Nous avons créé un comité des enjeux sociétaux, qui a déjà démarré ses travaux. Son président, Pierre-Benoît Joly, est aussi président du centre Inrae Occitanie-Toulouse (Institut national de recherche pour l'agriculture, l'alimentation et l'environnement, ndlr). Il s'agit d'une interface entre la société et l'interprofession des semences. Le comité doit nous alerter et nous éclairer sur les questionnements autour de nos métiers. Nous sommes parfois attaqués sur des sujets comme le traitement de semences ou le mode d'obtention. Nous devons pouvoir nous justifier. Nous attendons ainsi de ce comité qu'il nous permette de communiquer sur nos actions. En bref, il est un facilitateur de notre ouverture.
Le développement de l'agriculture bio fait également partie des attentes sociétales. À ce sujet, nous avons créé une commission transversale dédiée à l'agriculture biologique. Les besoins en semences et plants bio sont importants et nous nous devons d'y répondre.
Vous évoquez également l'accès à l'innovation. En quoi est-ce indispensable pour la filière ?
L'accès à l'innovation sera majeur dans la transition agro-écologique et les semences en font partie. La filière semences et plants française est une filière d'excellence, et nous devons maintenir les conditions qui nous permettent de l'être. Pour cela, nous avons également besoin d'un cadre juridique qui, parfois, tarde à se préciser. L'ouverture de l'interprofession doit aboutir au développement de discutions équilibrées, autour des sujets de la recherche et de l'innovation comme de la production de semences. Ces débats apaisés éclaireront, je l'espère, les pouvoirs publics en charge d'élaborer la réglementation.
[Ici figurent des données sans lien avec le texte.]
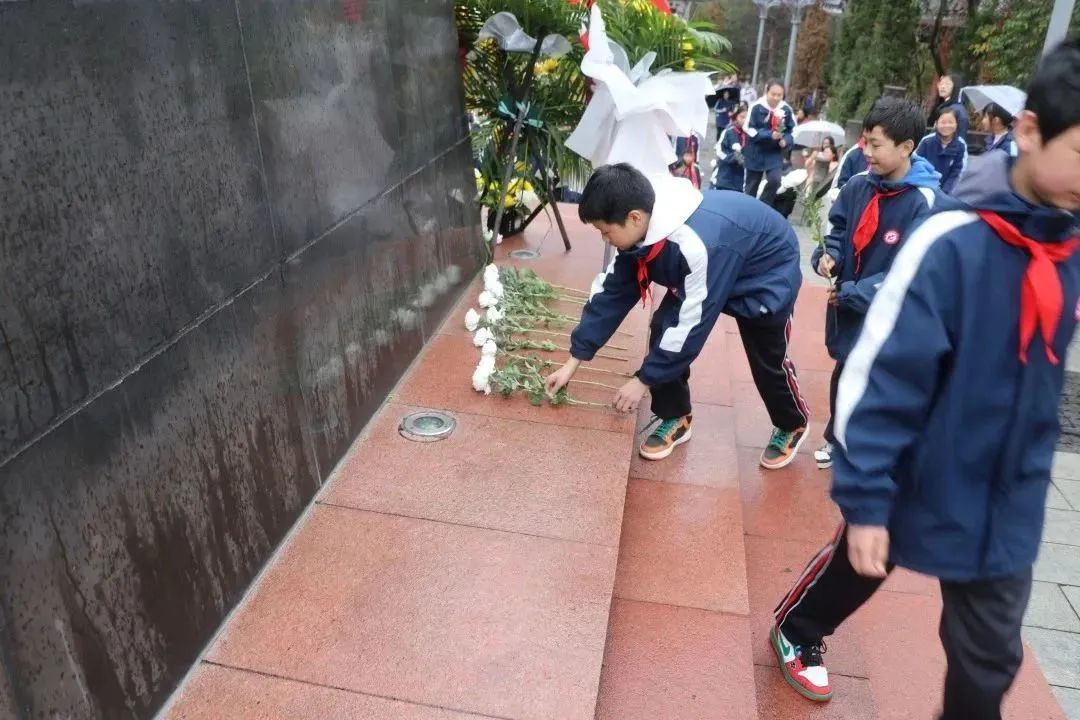 党员教师代表和同学们依次向前,献上鲜花,瞻仰革命先烈纪念碑。同学们小心翼翼地献上小白花,以表达对革命英烈崇高的敬意、深切的缅怀。
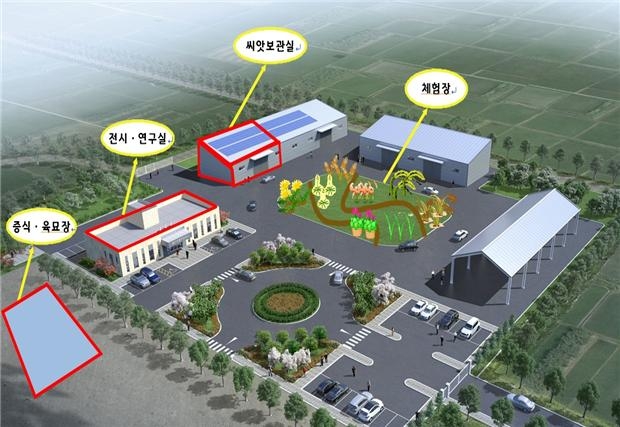 - 전시ㆍ연구실(235㎡), 씨앗보관실(저온저장고 100㎡), 체험장(1,200㎡), 증식ㆍ육묘장(3,960㎡)
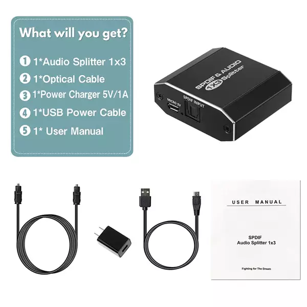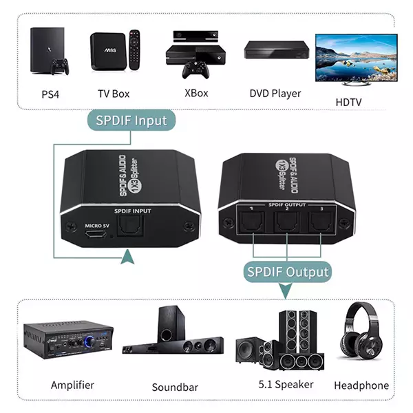 - One way of optical fiber signal input splitter to three sets of SPDIF/TosLink signal receiving device
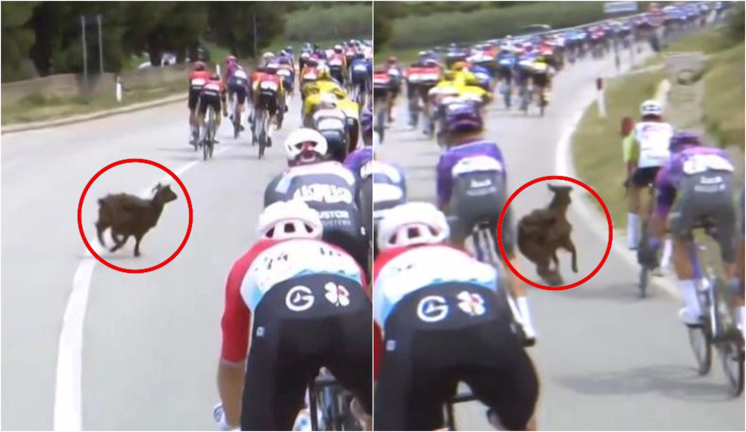 Attraversamento inaspettato e per fortuna senza conseguenze di una capra durante il passaggio del gruppo #EurosportCICLISMO #Cycling #GirodItalia #Giro #Goat pic.twitter.com/AvoiEFvrB4
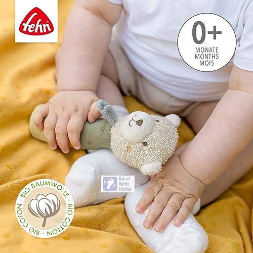 Der Fehn Stabgreifling Bär ist ein weiches Stoffspielzeug in Bärenform mit integrierter Rassel. Er wurde für Babys ab Geburt entwickelt und eignet sich zum Greifen und Kuscheln.

Quelles sont les prochaines échéances ?
Les semaines qui viennent donneront lieu à des échanges des membres du conseil d'administration avec l'ensemble des parties prenantes représentant d'autres formes de semences pour les inviter, elles aussi, à rejoindre l'Interprofession. Il est de notre responsabilité collective de réussir cette évolution qui est certainement la plus importante et la plus structurante depuis la création de l'Interprofession en 1962. Les premières actions du plan seront de se donner les outils pour atteindre nos objectifs. Nous allons mettre en place trois commissions : la communication, essentielle pour expliquer ce que l'on est, l'innovation, et une troisième commission sur la répartition des moyens. Pour entrer dans les détails, rendez-vous le 27 janvier 2021, date à laquelle nous présenterons publiquement ce projet stratégique, finalisé pour les cinq années à venir.
Biographie
François Desprez, ingénieur agronome de formation, est le président de Maison Florimond Desprez, à Cappelle-en-Pévèle (59), une entreprise indépendante et familiale de sélection et de production multi-espèces de grandes cultures, avec un leadership marqué en betterave à sucre, céréales, et pomme de terre. Cette entreprise a été créée en 1830. François Desprez est également président de la Sicasov, société qui gère les droits des obtenteurs de nouvelles variétés. Il s'agit de son deuxième mandant en tant que président.